The UFC doesn't have a big enough kitchen for all of those women.


----------



## G_Land (Aug 11, 2009)

ZZIIINNNGGGGGG!!!!!! lol

You do relize thats almost the entire womens mma world dont you? lol...It would be great but Dana has said multiple time there will be no women in the UFC


----------



## The Amarok (May 4, 2010)

there fighting in another promotions 
SF,Bellator and Valkryie are handling them just fine


----------



## Godzuki (Feb 26, 2007)

I'd love it.

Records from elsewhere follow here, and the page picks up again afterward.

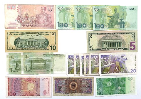 Samling sedler bestående af 160 Bath Thailand, 120 SEK, 150 NKR, 15 US $ samt Kina, 2 Yuan og 5 Wu Jiao.
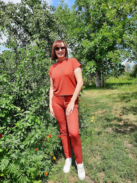 Hello friends! My last Femmeluxefinery store order was successful. I wear all the clothes. Today I will show you a beautiful terracotta jersey suit that I wore on the weekend.Трикотажный костюм двойка состоит из футболки и брюк. Ткань полиэстер, но воздух пропускает. В костюме не жарко, что важно для летнего зноя.
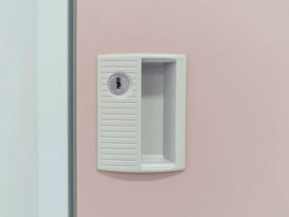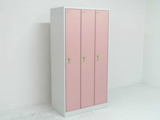 【地方倉庫在庫品】可愛いソフトピンクの扉!! オカムラ製 3人用ロッカー【RA】【578】- 在庫数
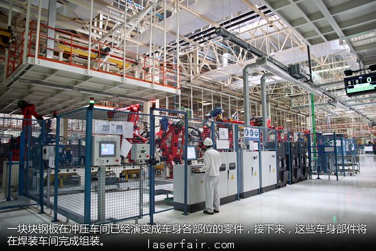 一塊塊鋼板在衝(chong) 壓車間已經演變成車身各部位的零件,接下來,這些車身部件將在焊裝車間完成組裝。
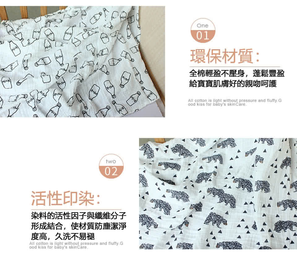 使用100%棉並配合活性環保印染,安全不含螢光劑最適合寶寶嬌嫩肌膚
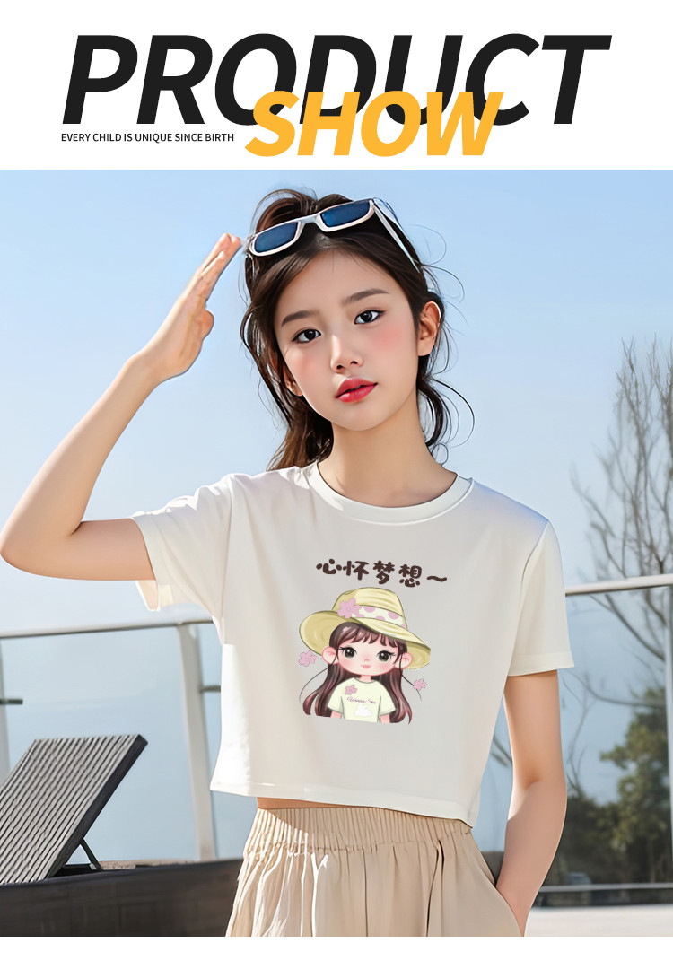 商品名称:童装女童短款短袖T恤24儿童下载中大童洋气韩版女孩上衣潮 075091
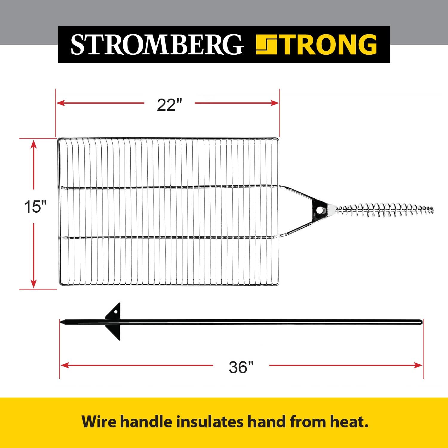 - WELL-DESIGNED OPEN FIRE GRILL: Stromberg Carlson Stake & Grill is designed for the specific needs of campers and outdoor adventurers. Made to be used for open pit or campfire cooking, our grate has up-turned edges so that hotdogs and other food will not easily roll or fall off grill. It also has a wire handle as an insulation from heat. We included a nylon bag to contain the mess; simply carry it wherever your adventure takes you.
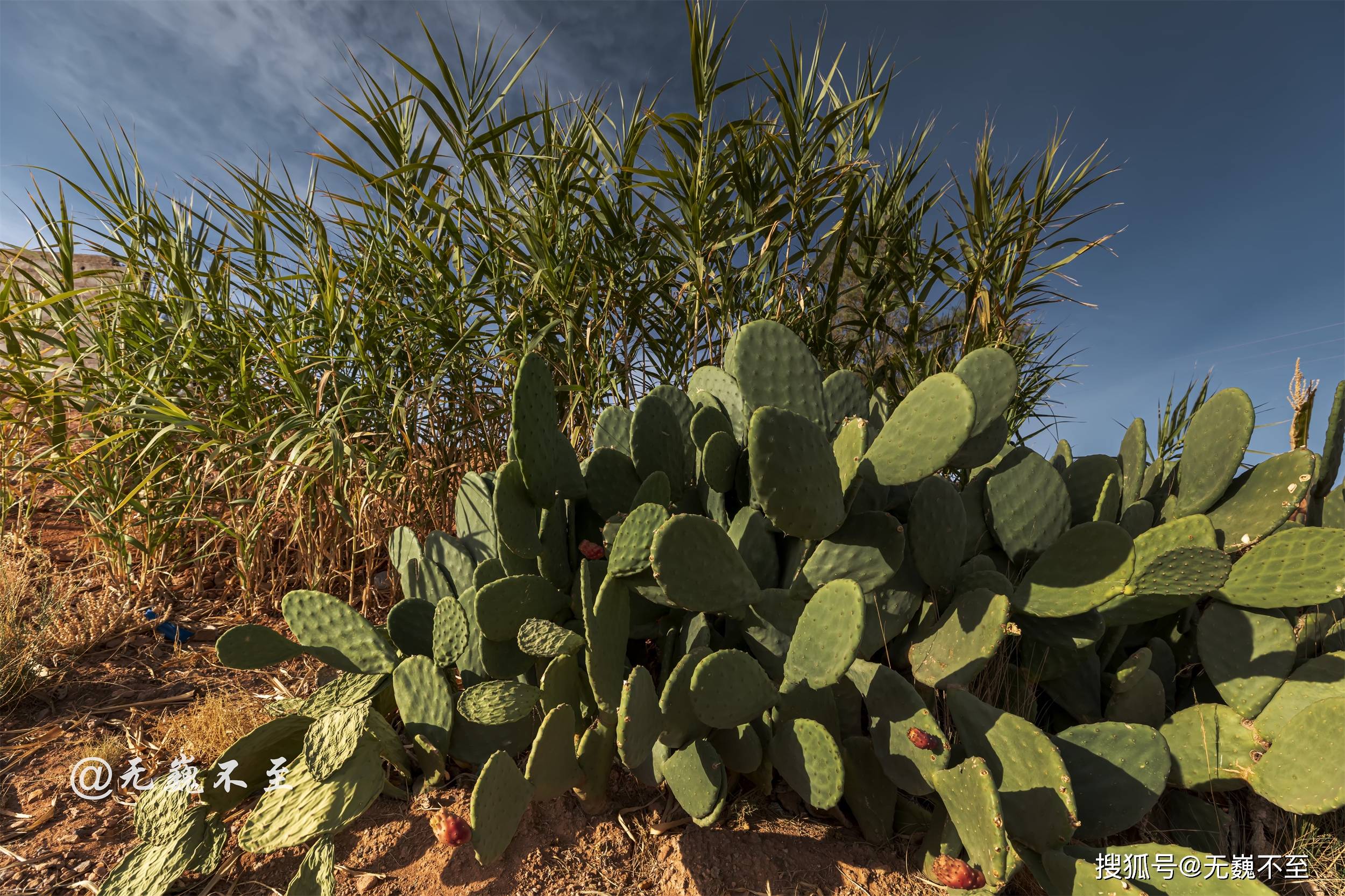 芦苇和仙人掌在干涸的河床边相伴而生,在死寂的枯黄中透出生命的妖娆。
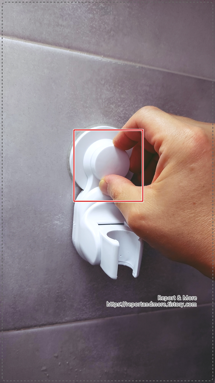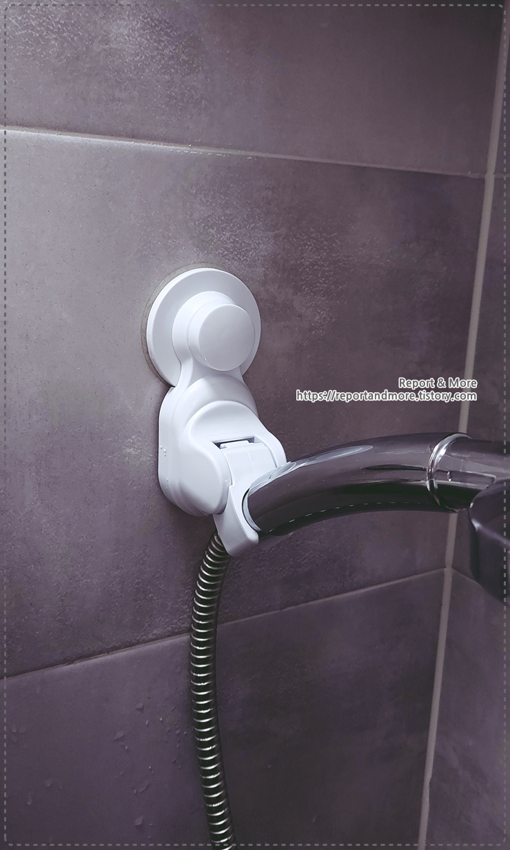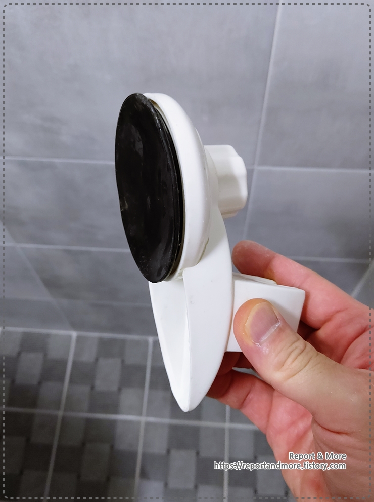 그러다 어느 날 갑자기 '탕!'소리와 함께 흡착판과 샤워기가 바닦에 나 뒹굴고 있는 장면을 목격하게 됩니다.
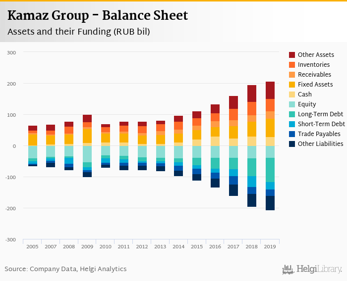 Kamaz Group's total assets reached RUB 206 bil at the end of 2019, up 5.79% compared to the previous year.
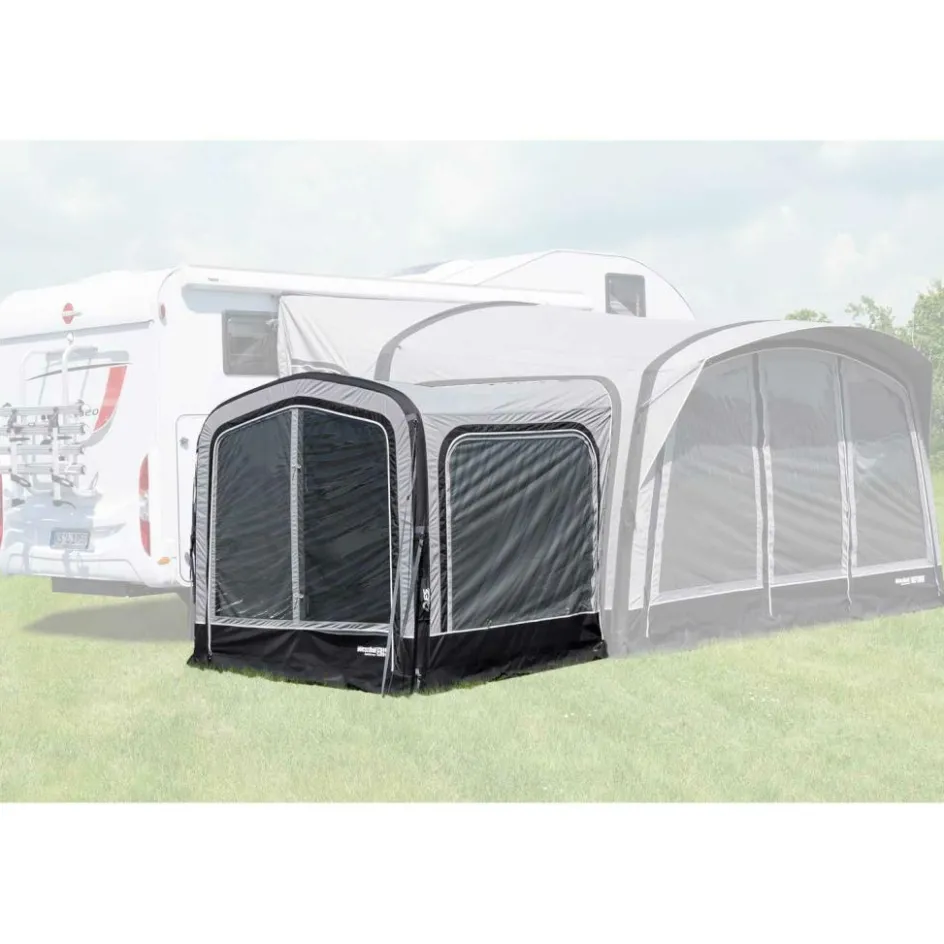 De handige zijwand, afritsbaar en te bevestigen aan de rits van uw voortent, dient als scheidingswand wanneer u de erker wilt afsluiten. Voor ultiem gebruiksgemak zijn alle wanden volledig uitritsbaar. De royale vensters, voorzien van geblindeerde raamfolie, waarborgen privacy en kunnen van binnenuit met een afdekflap volledig bedekt worden. Bovendien kunt u het dak van de Eris eenvoudig op spanning brengen met de meegeleverde aluminium spanstangen.

Shame it isn't going to happen any time soon.


----------



## The Amarok (May 4, 2010)

Supernova retired in DEEP, didnt she?


----------



## UFC86 (May 21, 2010)

The Amarok said:


> there fighting in another promotions
> SF,Bellator and Valkryie are handling them just fine


those promotions cant make female mma big. only ufc and wec can acquire those fighters, and dana said maybe they will do a women's division in wec after they merge the 155



The Amarok said:


> Supernova retired in DEEP, didnt she?


thats a shame, 23-4 is a good record, but of course not as good as megumi fuji

also, its a shame the better looking women will just be gatekeepers


----------



## Halfraq9 (Jun 30, 2009)

Your missing Sally Krumdiak @ 135 lb. she's ranked #7 at that weight by WAMMA

Super Flyweight
1 Rosi Sexton
2 Carina Damm
3 Rin Nakai
4 Aisling Daly
5 Kanako Takashita
6 "Windy" Tomomi Sunaba
7 Sally Krumdiak
8 Sophie Bagherdai
9 Lena Ovchynnikova
10 Emi Fujino


----------



## Roflcopter (Sep 5, 2008)

The UFC can't make female MMA big either.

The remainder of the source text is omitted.